Urinary disorders are extremely common, as many as 50% of men over the age of 50 suffer from them. Yet, the state-of-the-art tools to diagnose and monitor these problems involve techniques that are burdensome and invasive for the patients. An Israeli start-up is working to change this, offering an easy and discrete solution, which at the same time keeps the patients in constant contact with their physicians.
“We did not come from the medical field but we had a number of doctors approaching us while they were looking for better solutions for these issues,” Yosi Rozenberg, CEO and cofounder of P. Square Medical said. “We looked into the market and we realized that the only tools available required in-person visits to the hospital or to a specialist.”

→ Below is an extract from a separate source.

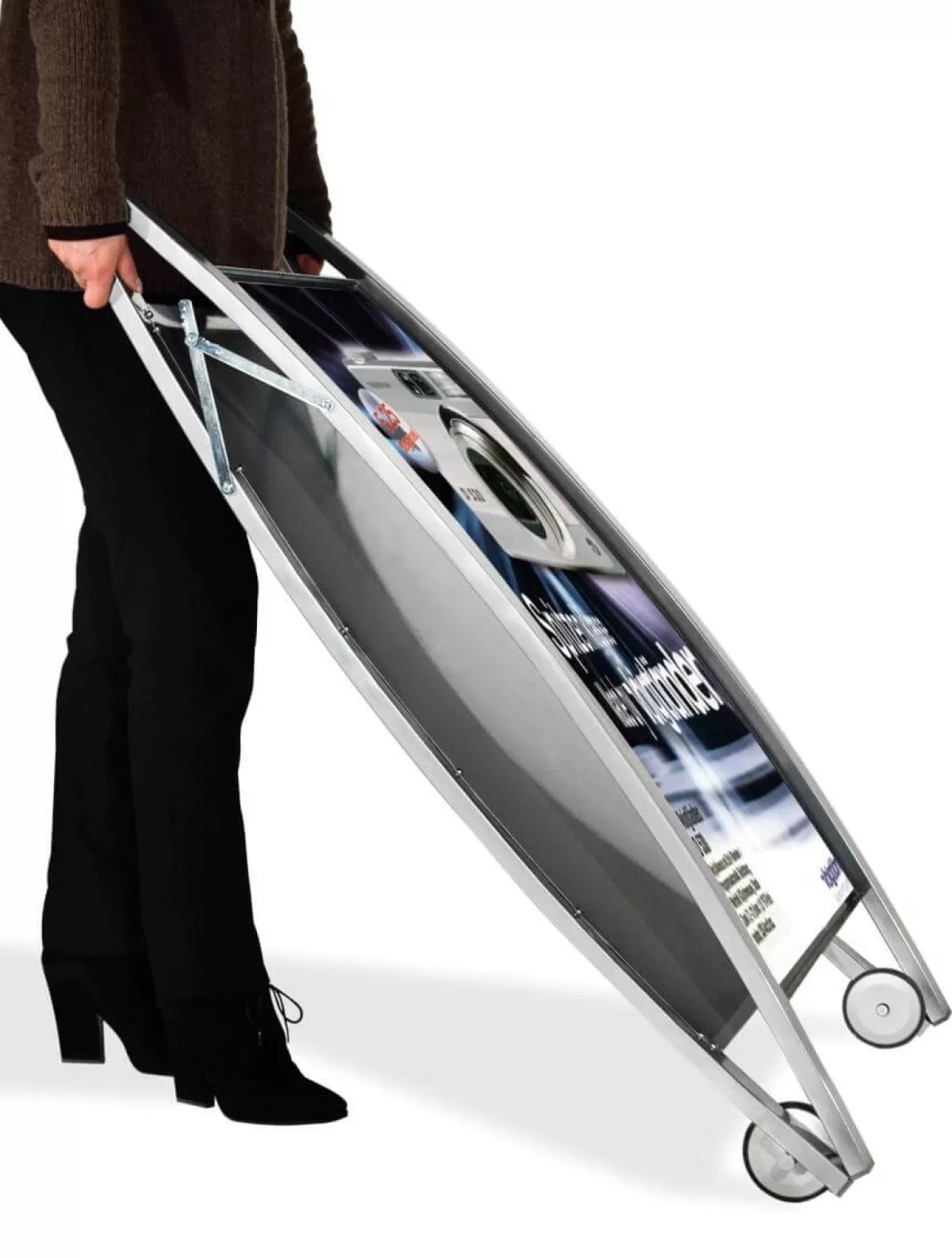 double face, stable et résistant aux intempéries, design moderne, acier poudré, feuille résistante aux UV av. bande aimantée qui adhère au panneau arrière, remplacement de l’affiche par sac d’affiche aimanté, av. roulettes pour un déplacement aisé du support, prix/pce

After a period of research, P. Square was established with the goal of applying the development of telemedicine technologies to the field of urology.
Peepal – the system developed by the start-up – is comprised of a disposable sensor, a results recorder and an app, all of which allow the patient to keep himself tested and constantly monitored without multiple visits to physicians and clinics and the discomfort involved in the current methods of testing.
“In my view, the field of urology has been characterized by testing equipment that has remained the same for many years and has not been developed to meet the current advancements in technology,” Rozenberg said.
The system has been tested at the Rambam Healthcare Campus in Haifa and the clinical trial showed that the quality of the results it offered was comparable to those of in-person visits and tests.
“PeePal is an innovative, reliable and promising technology that enables multiple tests, independently and non-invasively, around the clock, in a comfortable and user-friendly home environment or in any other environment such as work, vacation and so on,” said Prof. Ilan Gruenwald, director of the Urology Unit at Rambam and scientific medical advisor of P. Square.
In June, the company signed an agreement with US healthcare company Premier Inc. to test the system at the department of urology of Thomas Jefferson University Hospital, in Philadelphia.
The goal is to obtain the approval of the Food and Drug Administration by the beginning of next year.